_WORK TO BE COMPLETED_: Could you retype exactly the lines below between the one holding "内容:松茸昆布200g、げん" and the one holding "medium Coffin shape.", inclusive, leaving out any pictures?

_INPUT MATERIAL_:
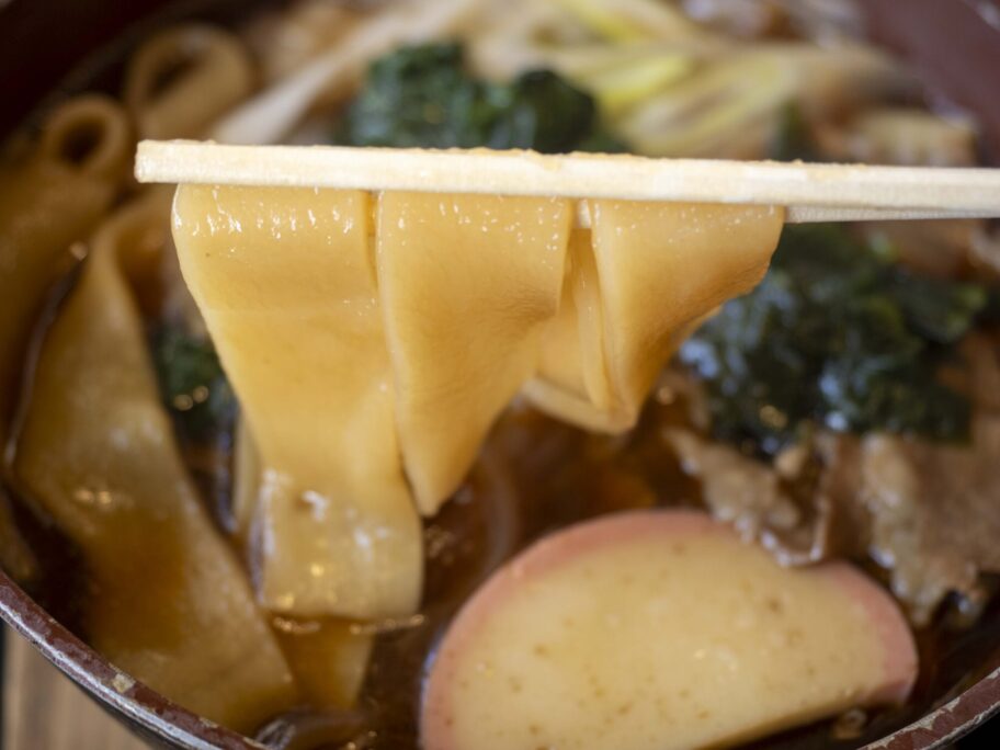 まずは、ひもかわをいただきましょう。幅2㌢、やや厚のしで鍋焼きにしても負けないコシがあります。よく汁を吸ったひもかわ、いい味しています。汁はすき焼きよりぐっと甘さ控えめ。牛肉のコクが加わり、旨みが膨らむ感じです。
* * *
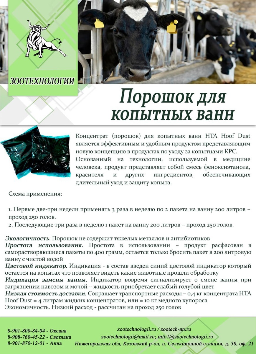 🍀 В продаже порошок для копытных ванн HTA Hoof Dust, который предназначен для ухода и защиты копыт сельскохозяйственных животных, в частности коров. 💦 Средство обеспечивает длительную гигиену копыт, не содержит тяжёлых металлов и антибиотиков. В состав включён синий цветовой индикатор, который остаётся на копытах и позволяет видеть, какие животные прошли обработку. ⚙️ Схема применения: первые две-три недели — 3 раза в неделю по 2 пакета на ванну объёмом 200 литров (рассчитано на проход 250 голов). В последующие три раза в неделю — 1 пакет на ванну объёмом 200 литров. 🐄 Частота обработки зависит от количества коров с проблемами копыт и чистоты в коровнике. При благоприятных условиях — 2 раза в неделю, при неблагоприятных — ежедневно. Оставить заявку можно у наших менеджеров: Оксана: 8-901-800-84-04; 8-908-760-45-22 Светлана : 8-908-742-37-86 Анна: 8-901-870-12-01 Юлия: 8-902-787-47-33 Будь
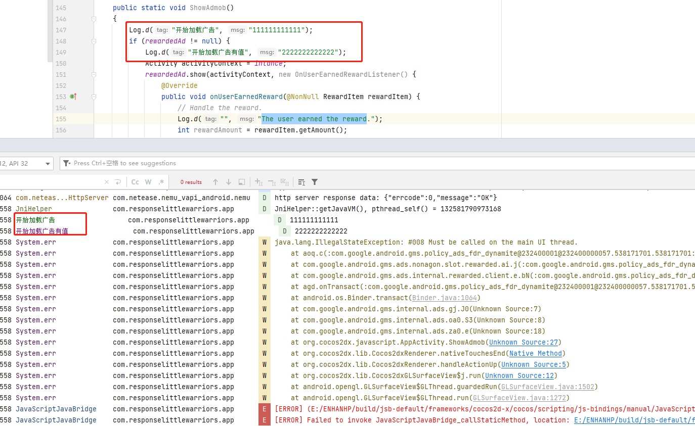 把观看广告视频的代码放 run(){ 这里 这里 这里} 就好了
--
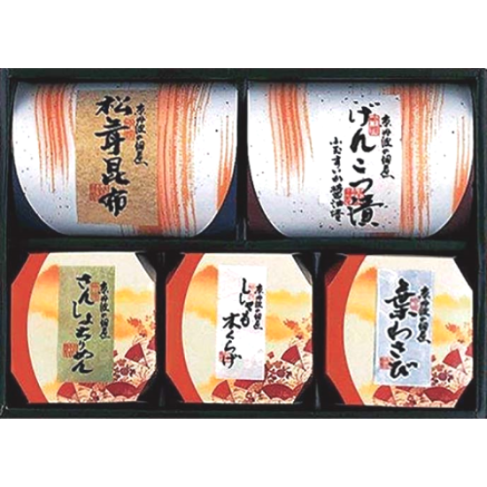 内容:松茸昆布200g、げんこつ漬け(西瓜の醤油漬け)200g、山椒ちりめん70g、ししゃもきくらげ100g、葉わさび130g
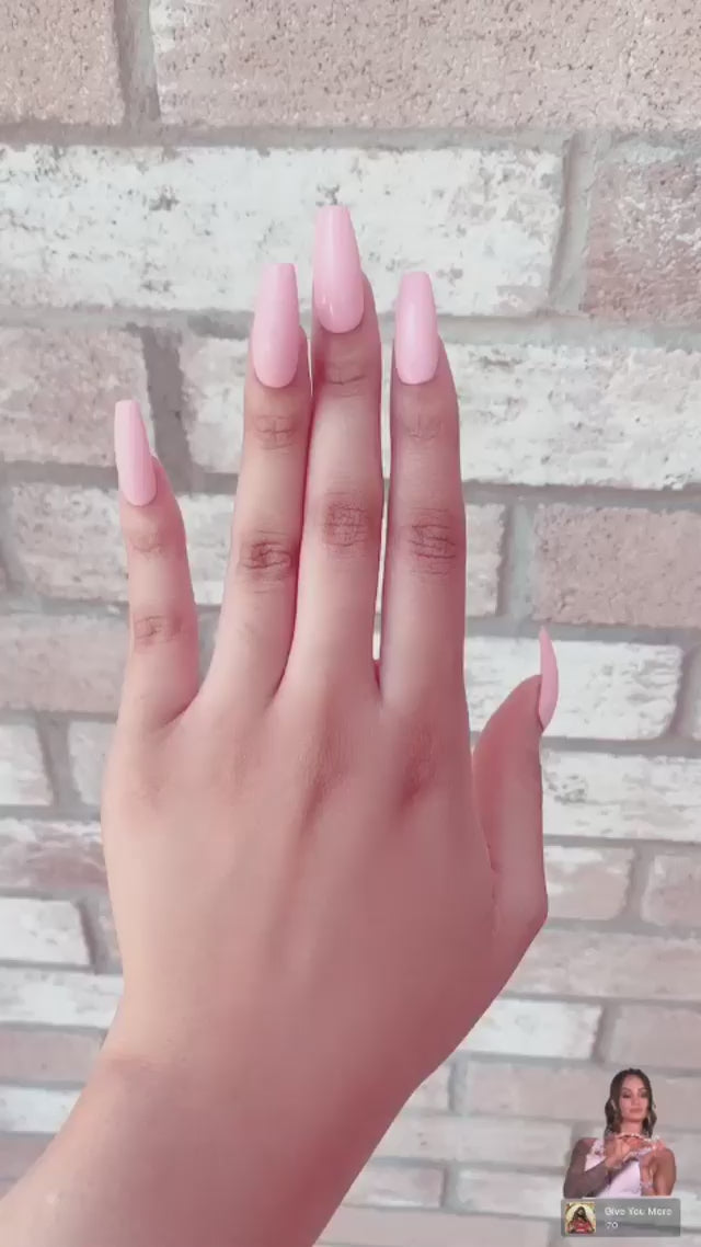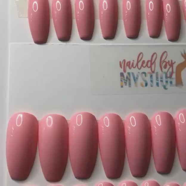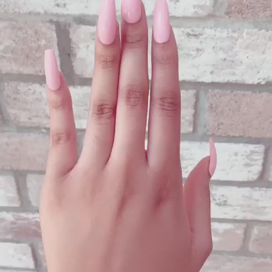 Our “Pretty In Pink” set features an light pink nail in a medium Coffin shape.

_ANSWER TO THIS TASK_:
 内容:松茸昆布200g、げんこつ漬け(西瓜の醤油漬け)200g、山椒ちりめん70g、ししゃもきくらげ100g、葉わさび130g
 Our “Pretty In Pink” set features an light pink nail in a medium Coffin shape.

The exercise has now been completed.